Continuing effects of prior discrimination are generally not actionable under Title VII once the 300 day filing period has passed following the underlying discriminatory acts. United Air Lines, Inc. v. Evans, 431 U.S. 553, 558, 97 S.Ct. 1885, 52 L.Ed.2d 571 (1977) held that an otherwise neutral system that merely perpetuates the effects of previous discrimination is not itself actionable under Title VII. In effect Evans precludes any plaintiff from recovering for any lingering effects of discrimination once the Title VII filing period has elapsed after the underlying discriminatory acts (see also Delaware State Coll. v. Ricks, 449 U.S. 250, 258, 101 S.Ct. 498, 66 L.Ed.2d 431 (1980); Lorance v. AT T Techs., Inc., 490 U.S. 900, 908, 109 S.Ct. 2261, 104 L.Ed.2d 961 (1989)).
But Bazemore v. Friday, 478 U.S. 385, 395, 106 S.Ct. 3000, 92 L.Ed.2d 315 (1986) has taught a crucial distinction with respect to discriminatory disparities in pay, establishing that a discriminatory salary is not merely a lingering effect of past discrimination — instead it is itself a continually recurring violation. Bazemore addressed the question whether discriminatory pay rates that had been set before Title VII became applicable to state and local governments were actionable or nonactionable under Title VII as then amended to expand its coverage ( id.). In answering that question in the affirmative, Bazemore articulated what remains the basic rule as to pay discrimination claims ( id.):
Bazemore begins with a brief two-page per curiam opinion ( id. at 386-88, 106 S.Ct. 3000). What then follows is an extended concurring-in-part opinion authored by Justice Brennan and joined by all of the other Justices ( id. at 388-407, 106 S.Ct. 3000). Two other opinions conclude the array: a separate concurrence by Justice White, written for himself and four other Justices ( id. at 407-09, 106 S.Ct. 3000), and a dissenting-in-part opinion by Justice Brennan, written for himself and three other Justices ( id. at 409-20, 106 S.Ct. 3000). Because what is treated in this opinion is drawn entirely from the first-mentioned Brennan opinion, it represents a unanimous decision of the Supreme Court.
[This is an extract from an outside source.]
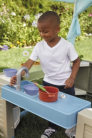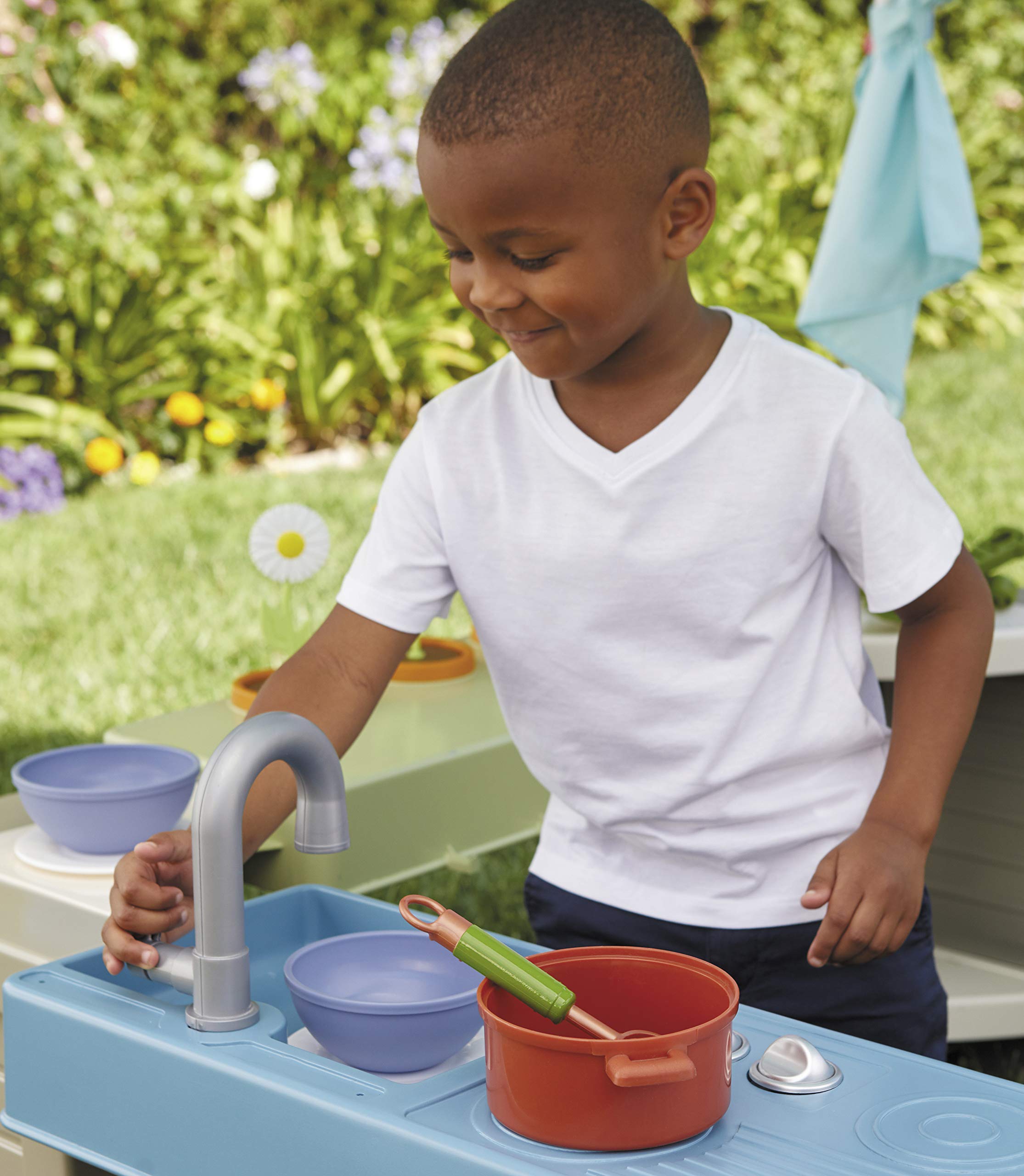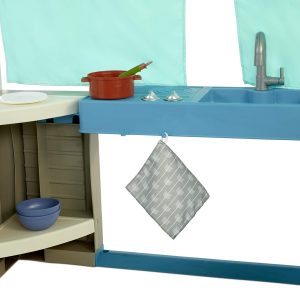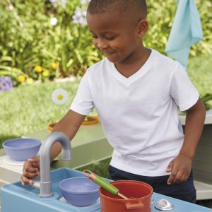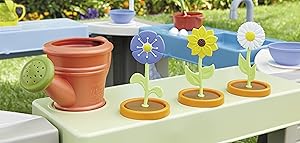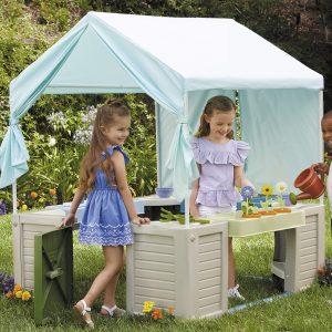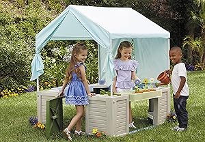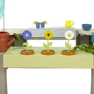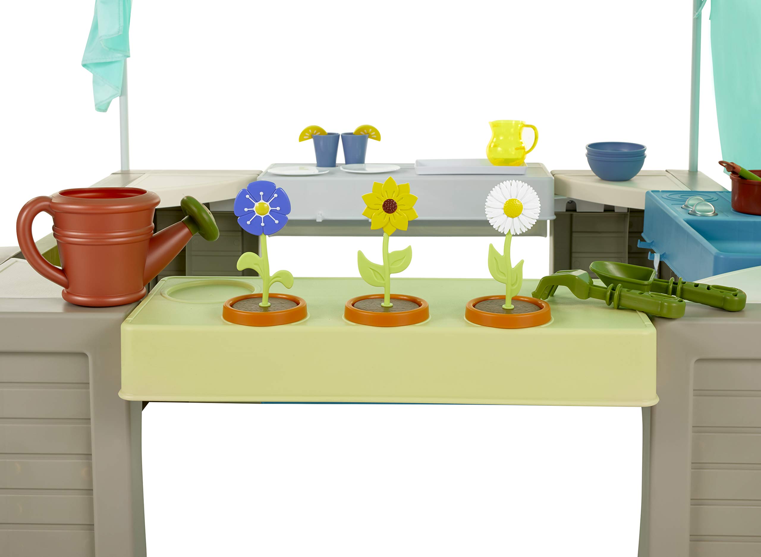 - 3 ROLEPLAY STATIONS. Three roleplay stations: kitchenette with pretend stove and sink. lemonade stand with real chalkboard. and gardening station with pretend flowers

Each week's paycheck that delivers less to a black than to a similarly situated white is a wrong actionable under Title VII.
Under Bazemore, then, pay discrimination must be viewed as a continually recurring series of violations, each of which is separately actionable under Title VII.
While this circuit has had no previous occasion to consider and apply that rule, other circuits have uniformly recognized that under Bazemore "a claim of discriminatory pay is fundamentally unlike other claims of ongoing discriminatory treatment because it involves a series of discrete, individual wrongs rather than a single and indivisible course of wrongful action" ( Pollis v. New School for Soc. Research, 132 F.3d 115, 119 (2d Cir. 1997); accord, Cardenas v. Massey, 269 F.3d 251, 257 (3d Cir. 2001); Wagner v. NutraSweet Co., 95 F.3d 527, 534 (7th Cir. 1996); Ashley v. Boyle's Famous Corned Beef Co., 66 F.3d 164, 168 (8th Cir. 1995) (en banc); Brinkley-Obu v. Hughes Training, Inc., 36 F.3d 336, 347 (4th Cir. 1994); Calloway v. Partners Nat'l Health Plans, 986 F.2d 446, 448-49 (11th Cir. 1993)). Today we join those circuits and the Supreme Court in recognizing that each race-based discriminatory salary payment constitutes a fresh violation of Title VII.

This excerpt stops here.